#### [Instructions for the task]
From the first line down to the line containing "In the autumn", print the records below exactly, leaving every picture out.
▽
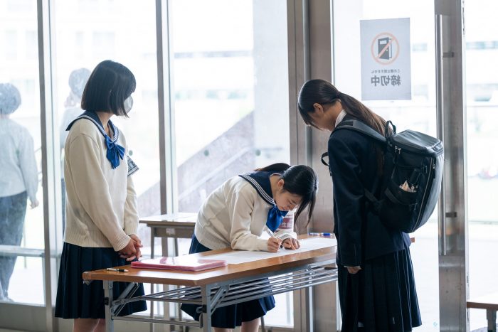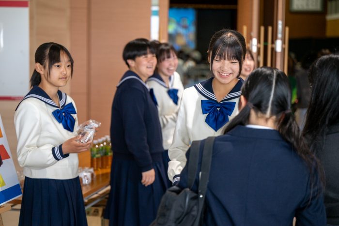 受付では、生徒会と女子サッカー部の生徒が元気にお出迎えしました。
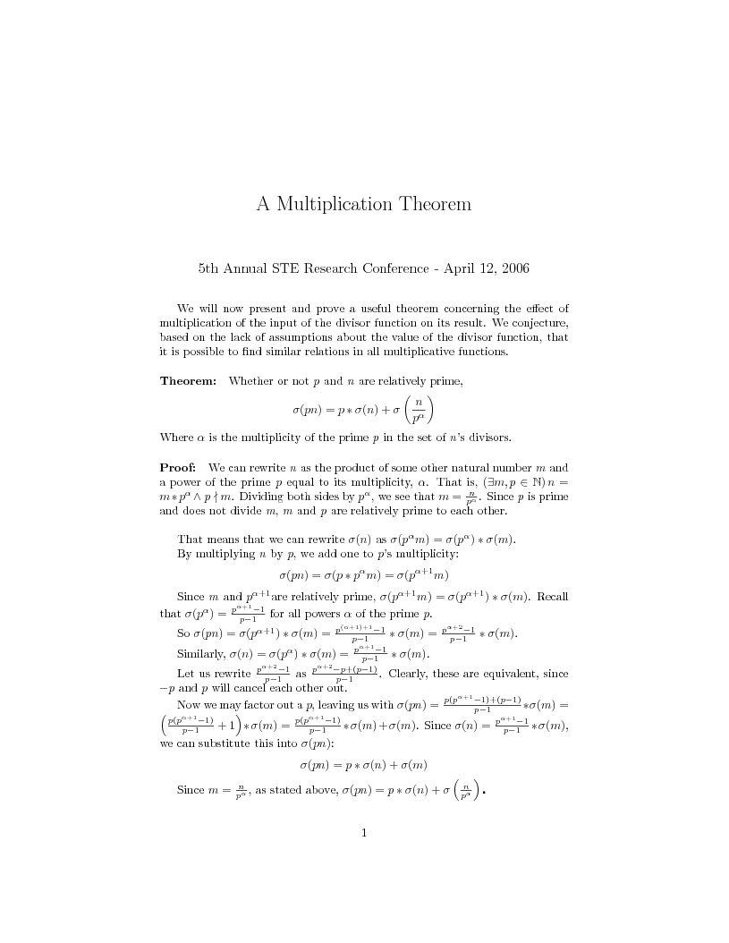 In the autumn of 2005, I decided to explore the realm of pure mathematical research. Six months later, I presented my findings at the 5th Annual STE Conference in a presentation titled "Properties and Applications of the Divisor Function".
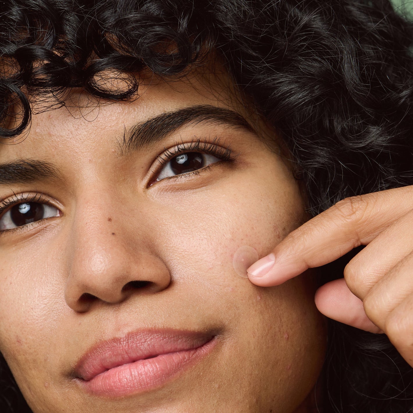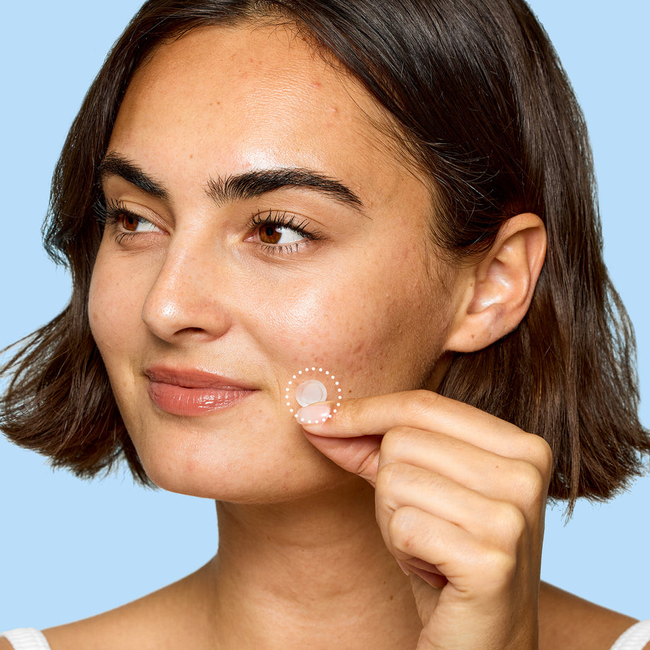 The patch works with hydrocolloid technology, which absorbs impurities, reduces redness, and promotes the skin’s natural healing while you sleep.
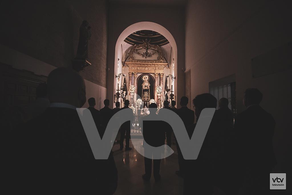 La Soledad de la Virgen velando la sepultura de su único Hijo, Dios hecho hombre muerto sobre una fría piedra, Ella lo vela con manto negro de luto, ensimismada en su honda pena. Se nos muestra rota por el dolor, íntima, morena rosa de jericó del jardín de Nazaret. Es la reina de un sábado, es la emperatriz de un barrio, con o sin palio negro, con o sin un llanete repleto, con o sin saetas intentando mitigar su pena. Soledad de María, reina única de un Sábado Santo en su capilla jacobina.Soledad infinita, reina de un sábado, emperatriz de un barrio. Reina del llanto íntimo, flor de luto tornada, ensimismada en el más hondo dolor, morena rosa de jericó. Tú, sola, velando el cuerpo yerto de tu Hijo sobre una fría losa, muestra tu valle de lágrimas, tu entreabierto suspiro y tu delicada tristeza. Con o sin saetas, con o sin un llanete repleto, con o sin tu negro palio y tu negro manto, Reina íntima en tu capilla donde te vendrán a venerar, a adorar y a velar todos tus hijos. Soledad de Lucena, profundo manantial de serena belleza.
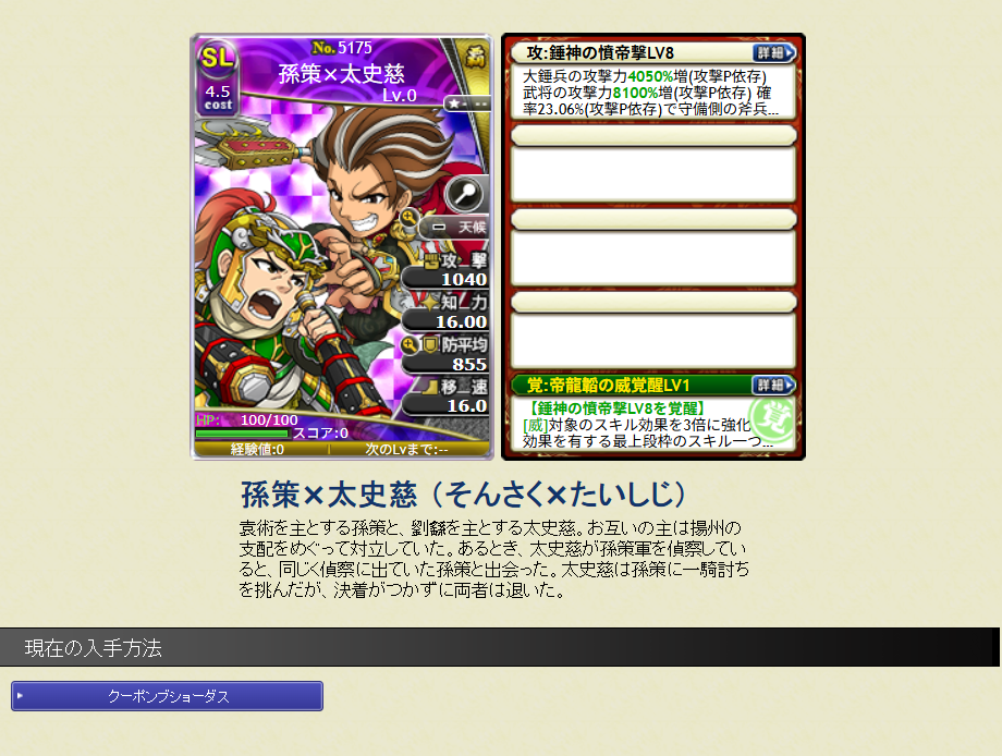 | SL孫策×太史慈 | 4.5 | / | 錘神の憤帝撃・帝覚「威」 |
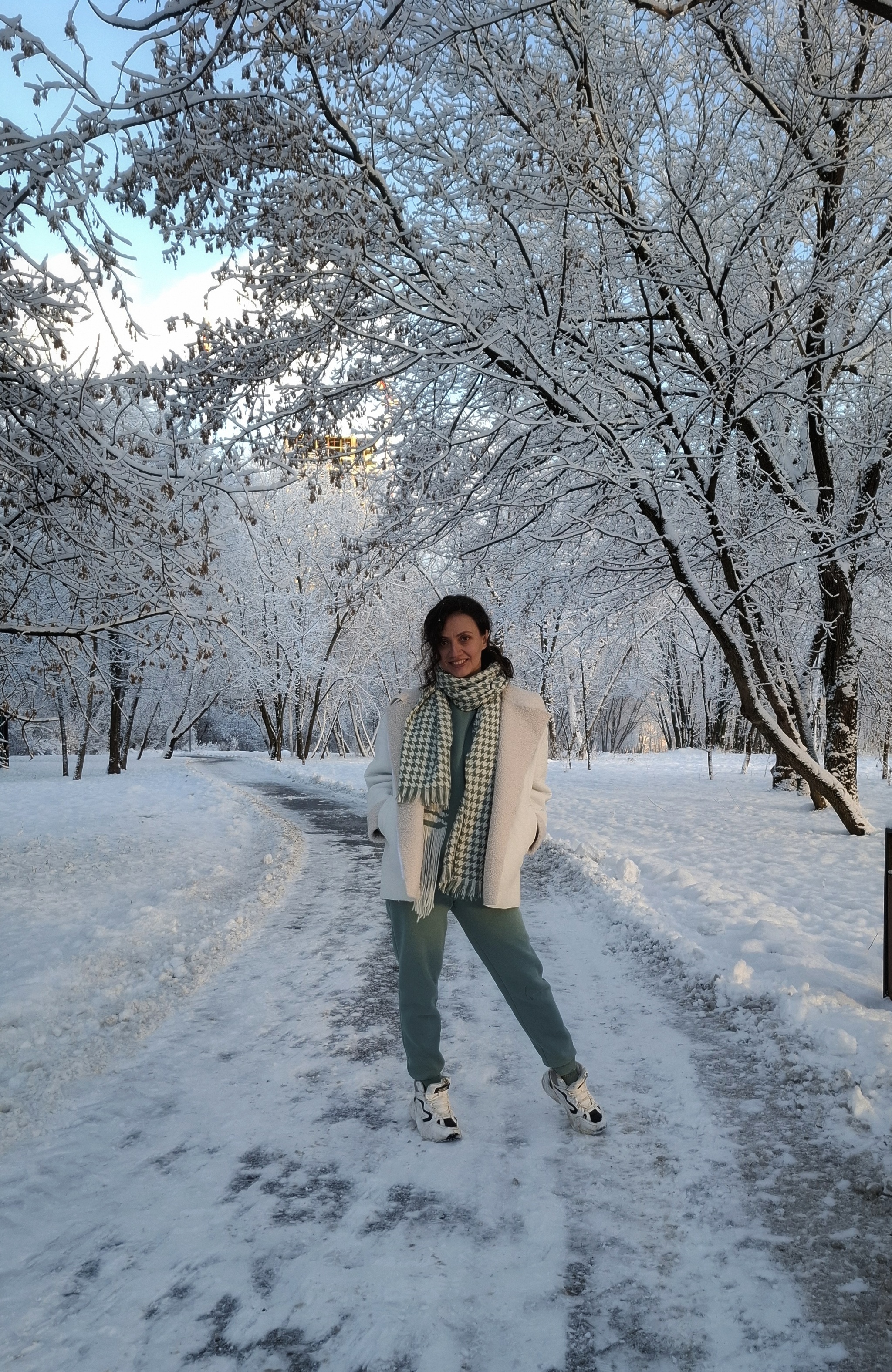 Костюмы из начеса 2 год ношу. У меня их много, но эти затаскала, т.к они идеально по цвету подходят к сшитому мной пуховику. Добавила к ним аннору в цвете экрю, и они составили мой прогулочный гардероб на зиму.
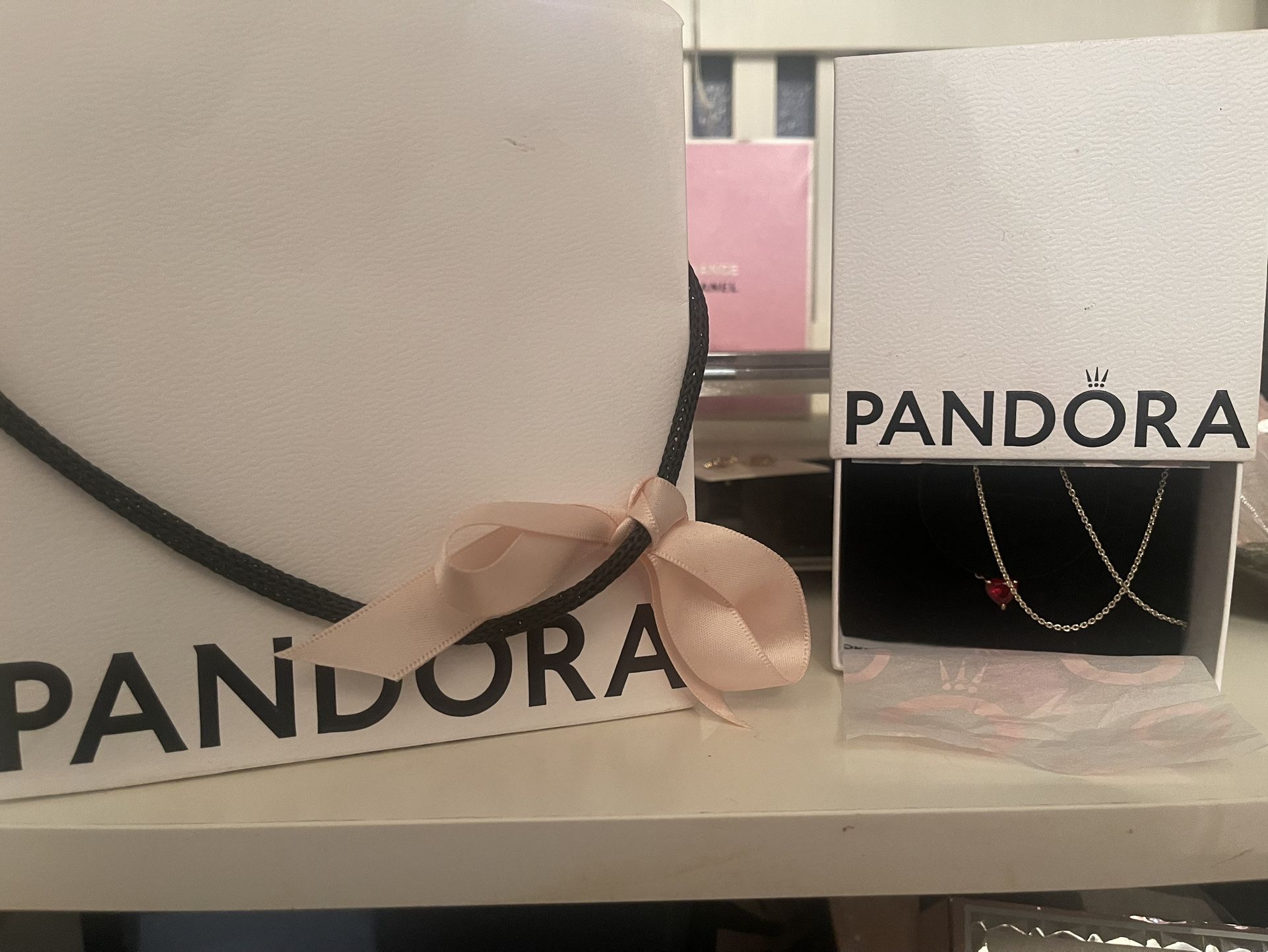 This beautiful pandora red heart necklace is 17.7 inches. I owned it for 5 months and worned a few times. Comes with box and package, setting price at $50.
△
#### [Answer section]
 受付では、生徒会と女子サッカー部の生徒が元気にお出迎えしました。
 In the autumn of 2005, I decided to explore the realm of pure mathematical research. Six months later, I presented my findings at the 5th Annual STE Conference in a presentation titled "Properties and Applications of the Divisor Function".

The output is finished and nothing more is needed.